Petit enfant, il trouvait ça tout à fait normal. Il faut bien dire que du plus loin qu’il se souvienne, il n’avait jamais rien connu d’autre. Et il n’a jamais douté une seconde que sa mère l’aimait vraiment et que c’était pour son bien. Quand il a grandi un peu, ça lui paraissait toujours normal, mais il lui arrivait de temps en temps d’être jaloux de ses amis, pour qui l’amour maternel se manifestait principalement par des câlins et des mots doux. Il a quand même grandi, il fallait bien sortir de cette enfance à tout prix, rejoindre le quai salvateur de l’émancipation. Il s’est même construit, comblant à force de persévérance les lacunes de son être, gardant certaines aspérités qui lui donnent maintenant son caractère.

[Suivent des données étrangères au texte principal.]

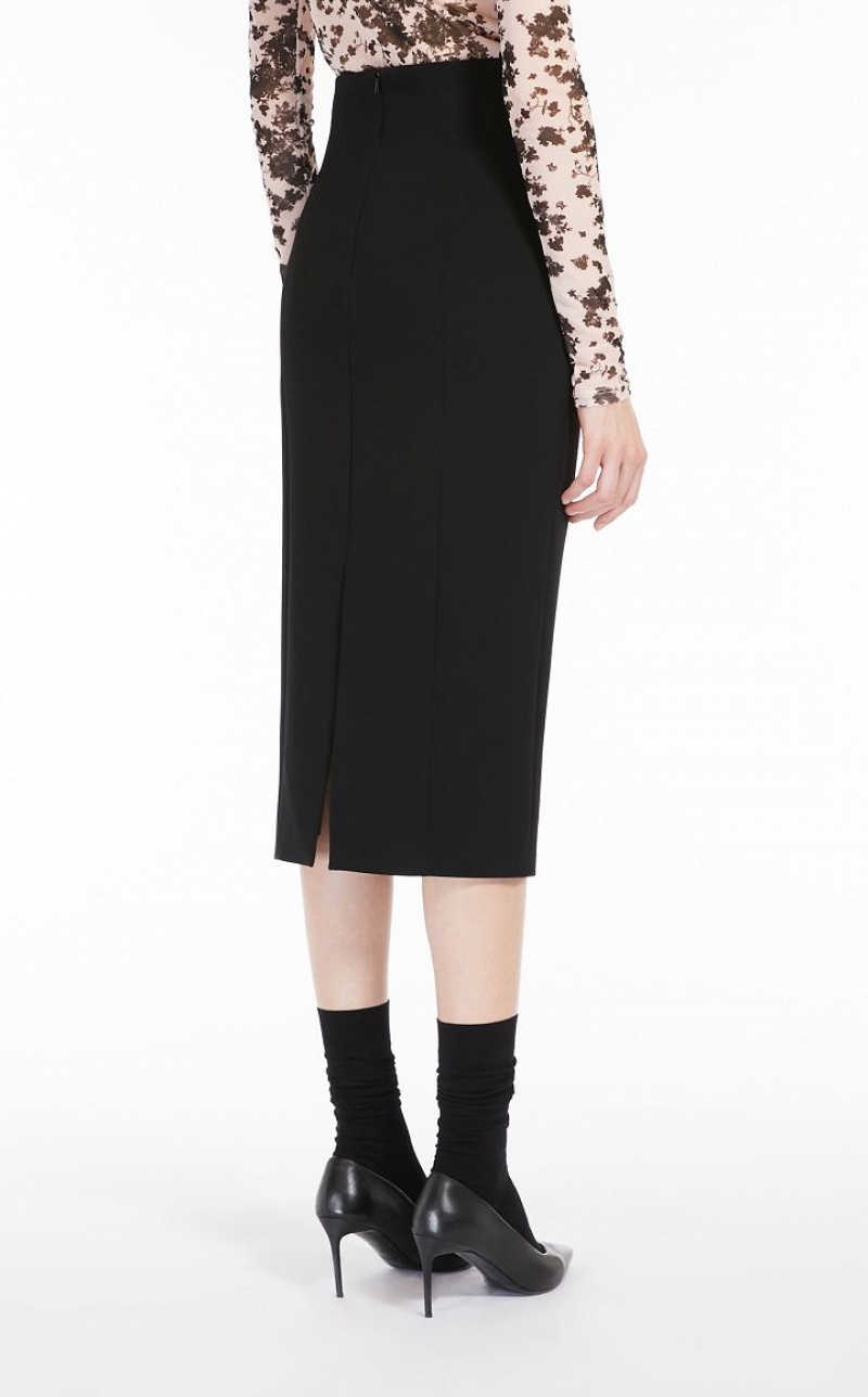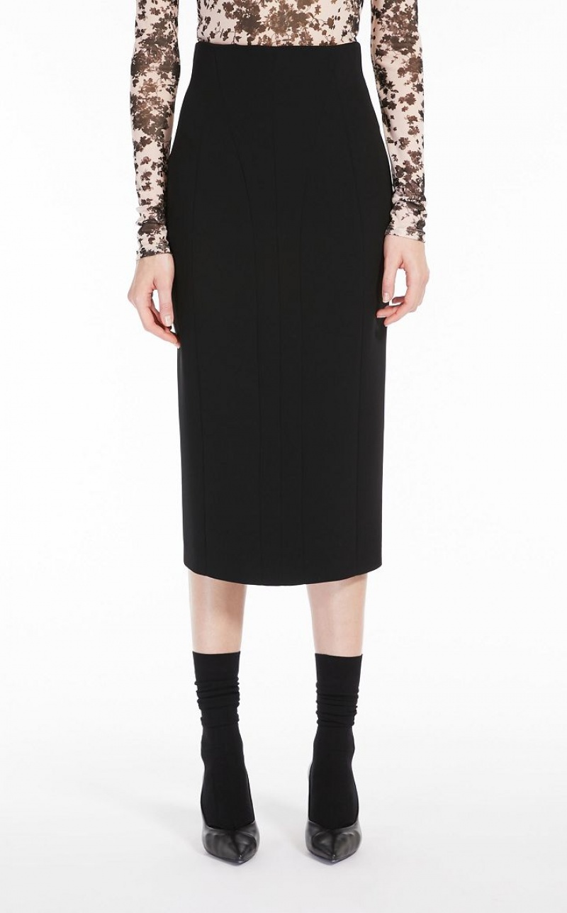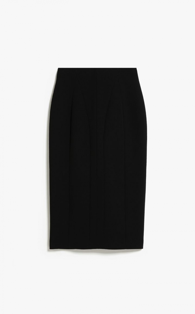 High-waisted bodycon skirt in cady fabric. The fitted design boasts silhouette-defining vertical dart detail. Lined model. Length: 75 cm.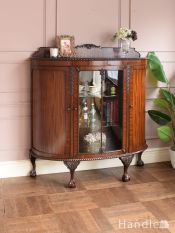 華やかな杢目のアンティークサイドボード、ハーフムーン型の美しいガラスキャビネット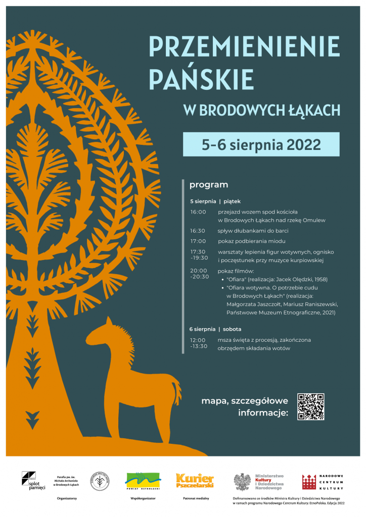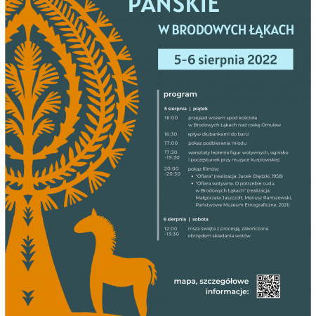 Fundacja Splot Pamięci, Kurpiowskie Bractwo Bartne oraz Parafia pw. Świętego Michała Archanioła w Brodowych Łąkach zapraszają do udziału w corocznych obchodach Święta Przemienienia Pańskiego. W piątek 5 sierpnia - dzień przed właściwym świętem - będzie można wziąć udział m.in. w warsztatach lepienia woskowych figur wotywnych, przyjrzeć się procesowi podbierania miodu z barci oraz obejrzeć dwa filmy poświęcone historii i współczesnemu trwaniu lokalnego zwyczaju składania ofiar wotywnych.

Une fois adulte, il a compris que ce n’était pas normal, pas bien. Il a essayé de comprendre pourquoi. A trouvé à force de chercher quelques indices, différentes pistes de réflexion pour expliquer, à défaut de justifier.
Comme tant d’autres avant lui, il a eu peur au moment où il a finalement eu envie de transmettre un peu de lui à la génération future. Une peur panique même. Tellement plus sourde et tenace que le pourtant déjà très anxiogène “vais-je être à la hauteur?”. Il a quand même franchi le pas. Il a vu les petits monstres faire souffrir l’amour de sa vie et la déformer à tout jamais. Il ne leur en a pas voulu. N’a pas pu, subjugué qu’il était par le spectacle sous ses yeux.

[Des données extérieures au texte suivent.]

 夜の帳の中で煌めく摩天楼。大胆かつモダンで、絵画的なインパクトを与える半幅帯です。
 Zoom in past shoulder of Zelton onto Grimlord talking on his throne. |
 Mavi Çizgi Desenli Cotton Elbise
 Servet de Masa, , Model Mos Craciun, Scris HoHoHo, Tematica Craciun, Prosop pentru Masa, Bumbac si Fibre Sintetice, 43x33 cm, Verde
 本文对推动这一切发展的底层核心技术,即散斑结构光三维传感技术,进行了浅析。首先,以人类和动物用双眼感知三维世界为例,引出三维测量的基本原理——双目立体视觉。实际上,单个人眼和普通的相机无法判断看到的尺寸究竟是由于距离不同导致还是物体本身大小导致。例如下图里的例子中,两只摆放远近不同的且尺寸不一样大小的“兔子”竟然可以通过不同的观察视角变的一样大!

C’est alors qu’est venue l’incompréhension totale. Comment avait-elle pu faire cela? Pas à lui, ce n’est pas vraiment ce qui importe maintenant. Mais comment avait-elle pu faire ça au petit corps frêle et pourtant si vivace dont elle avait la responsabilité? Sans pour autant douter de l’amour qu’elle lui portait, il a compris, gravé en ses os maintes fois recollés, qu’aimer ne suffit pas. Que l’instinct maternel tant vanté peut être complètement défaillant. Et alors il a haï. Elle et tous ceux qui ont laissé faire. Qui n’ont pas vu. Qui ne l’ont pas aidée. Aidée à faire face à cette cruelle défaillance.
Bien sûr il comprend l’exaspération, les derniers retranchements où savent si bien le pousser les terreurs qu’il a engendrées. Un nombre incalculable de fois il a crié, puni, s’est énervé, a même secoué pour se soulager. Quelques fois, c’est vrai, il a craqué, s’est emporté tellement fort, est allé trop loin et a calmé d’un coup sec toute velléité de rébellion. Mais pas ça. Non, jamais ça. Jamais de sang froid. Jamais aucune préméditation. Jamais sans que ses enfants ne comprennent réellement le pourquoi. Et surtout pas ça. Pas cet affront à l’innocence espiègle qui l’émeut au plus profond de lui et le fait tourner en bourrique. Non, pas ça. Pas ça.